If early stopping occurs, the model will have two additional fields: bst.best_score
and bst.best_iteration
. Note that train()
will return a model from the last iteration, not the best one.
This works with both metrics to minimize (RMSE, log loss, etc.) and to maximize (MAP, NDCG, AUC).
=
Prediction
After you training/loading a model and preparing the data, you can start to do prediction.

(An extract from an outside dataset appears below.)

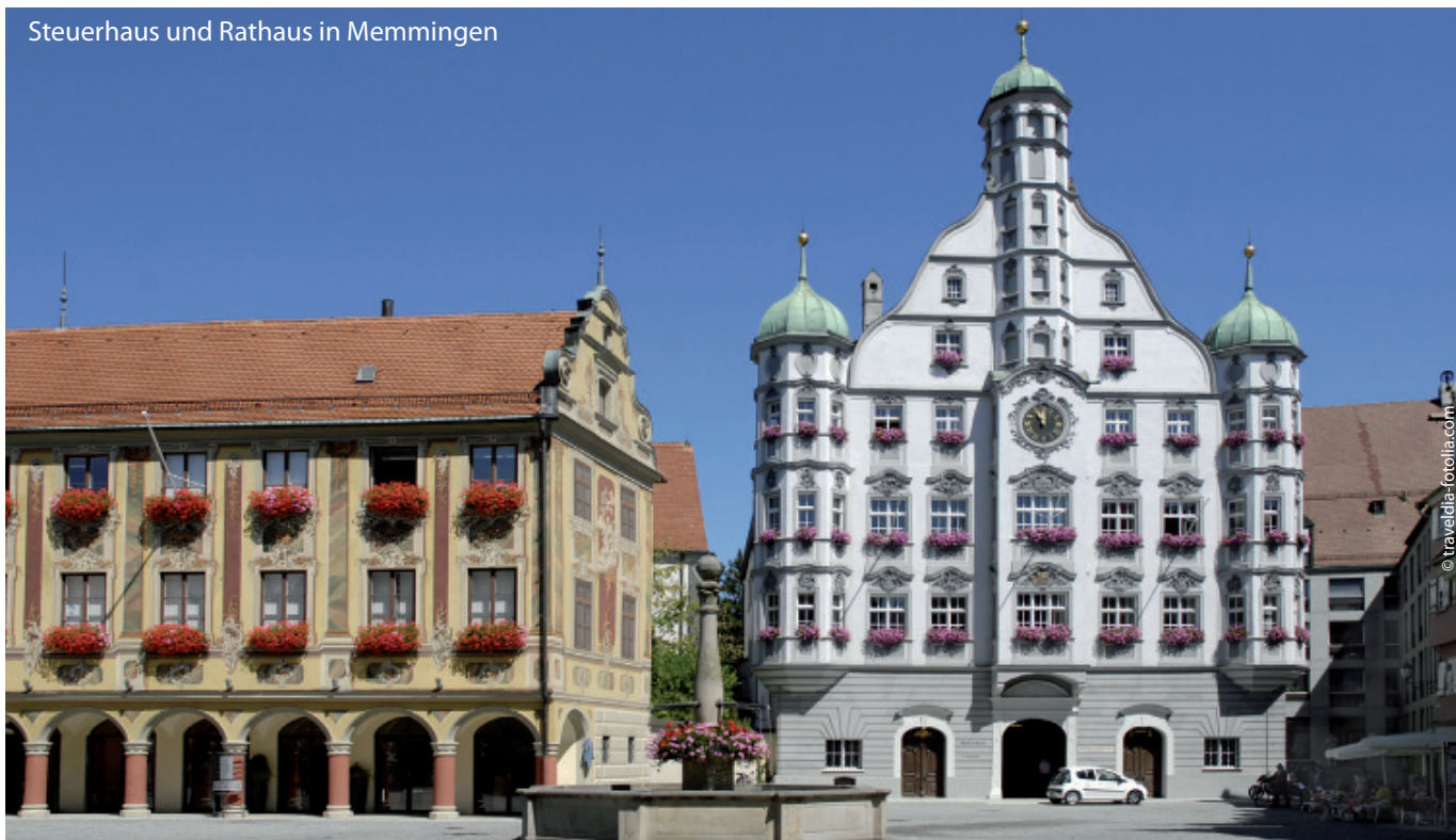
Steuerhaus und Rathaus in Memmingen

Die Stadt Memmingen verführt durch ihren mittelalterlichen Charme jeden Kulturliebhaber. Noch heute zeugen mächtige Kirchen und Klöster, barocke Fassaden von Stadtschlössern und Patrizierhäusern, aber auch malerisch verwinkelte Gassen von stolzer Stadtgeschichte. Das Allgäu fasziniert durch seine ausgewogene Mischung aus Kultur und Natur. Erfahren Sie mehr über die Geschichten des Allgäus.

<code class="language-python hljs has-numbering" style="display: block; padding: 0px; color: inherit; box-sizing: border-box; font-family: 'Source Code Pro', monospace;font-size:undefined; white-space: pre; border-radius: 0px; word-wrap: normal; background: transparent;">data = np.random.rand(<span class="hljs-number" style="color: rgb(0, 102, 102); box-sizing: border-box;">7</span>,<span class="hljs-number" style="color: rgb(0, 102, 102); box-sizing: border-box;">10</span>) <span class="hljs-comment" style="color: rgb(136, 0, 0); box-sizing: border-box;"># 7 entities, each contains 10 features</span> dtest = xgb.DMatrix( data, missing = -<span class="hljs-number" style="color: rgb(0, 102, 102); box-sizing: border-box;">999.0</span> ) ypred = bst.predict( xgmat )</code><ul class="pre-numbering" style="box-sizing: border-box; position: absolute; width: 50px; top: 0px; left: 0px; margin: 0px; padding: 6px 0px 40px; border-right-width: 1px; border-right-style: solid; border-right-color: rgb(221, 221, 221); list-style: none; text-align: right; background-color: rgb(238, 238, 238);"><li style="box-sizing: border-box; padding: 0px 5px;">1</li><li style="box-sizing: border-box; padding: 0px 5px;">2</li><li style="box-sizing: border-box; padding: 0px 5px;">3</li></ul>
If early stopping is enabled during training, you can predict with the best iteration.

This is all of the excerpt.